Antique Yellow vs Mountain Peak White
Antique Yellow and Mountain Peak White come from the same Benjamin Moore collection. Antique Yellow reads as beige-yellow, while Mountain Peak White reads as beige-white — two distinct hue families, not close cousins. The 7-point LRV gap — 89 for Mountain Peak White vs 81 for Antique Yellow — means Mountain Peak White will open up a space more effectively. Where Antique Yellow leans red, Mountain Peak White reads yellow — a distinction that shifts noticeably depending on the light source and surrounding finishes. ΔE 8.9 means they're clearly different, but not dramatically so — they'd pair well in the same room. Below, 5 simulated room previews show how each color reads at scale — real-room photos will be added as they become available.
Color Details
Antique Yellow vs Mountain Peak White Simulated Comparison
5 simulated room previews — drag the slider on each to see Antique Yellow on one side and Mountain Peak White on the other.

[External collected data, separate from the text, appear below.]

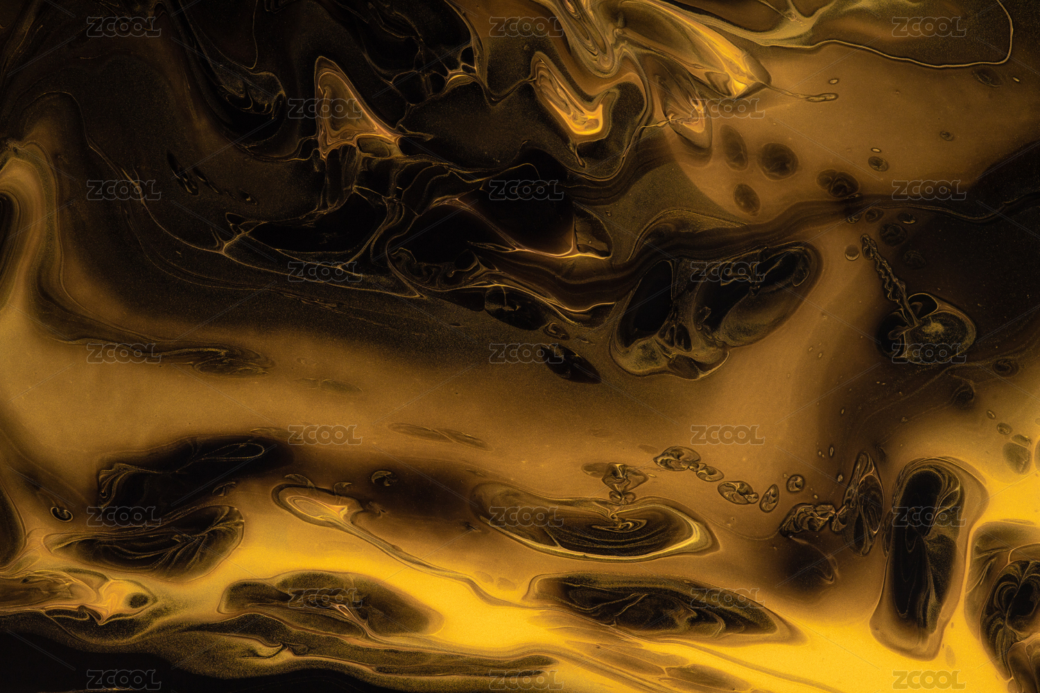 黑白黄混合颜料流体艺术,抽象的彩色背景墙纸纹理。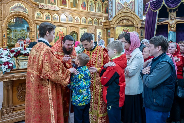 В завершение Литургии состоялось славление светлому Христову Воскресению и Пресвятой Богородице, после чего Глава Митрополичьего округа произнес возглас «Христос воскресе!» на разных языках – древних и современных.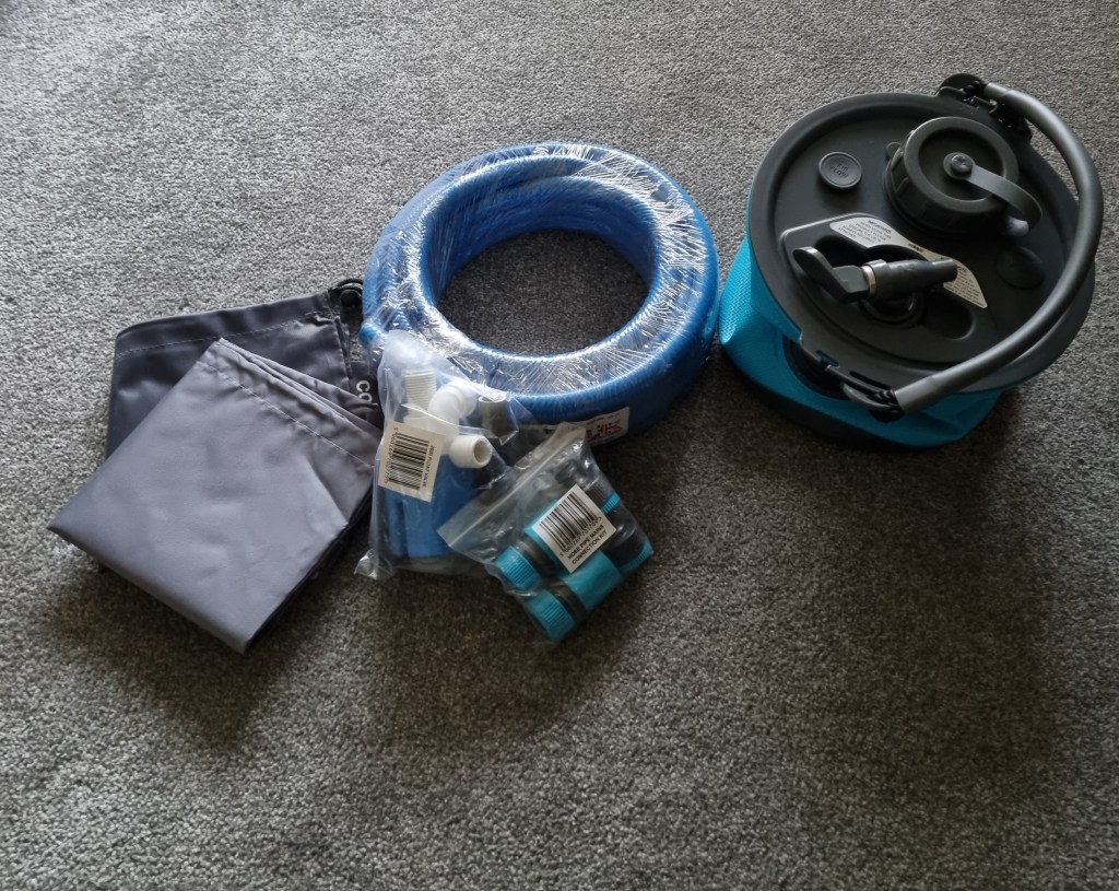 After the Government announcement that campsites were permitted to reopen as of the 12th April without facilities we rushed at the chance to book our first time away in the caravan for 2021. As sites could not use shared facilities we took the decision to buy products to allow us to use service pitches on sites. Our water carrier does not have the means of allowing a mains water inlet we felt the Colapz Fresh Mini kit would be a great solution.

Digital color is approximate. These simulations are generated from the manufacturer's hex values and overlaid on grayscale room photos — your screen's calibration, brightness, and viewing angle all affect how they render. Before committing to either color, test physical samples in your own space under the light you actually live with.
More Antique Yellow comparisons
See how Antique Yellow stacks up against other well-photographed colors across different brands and tones.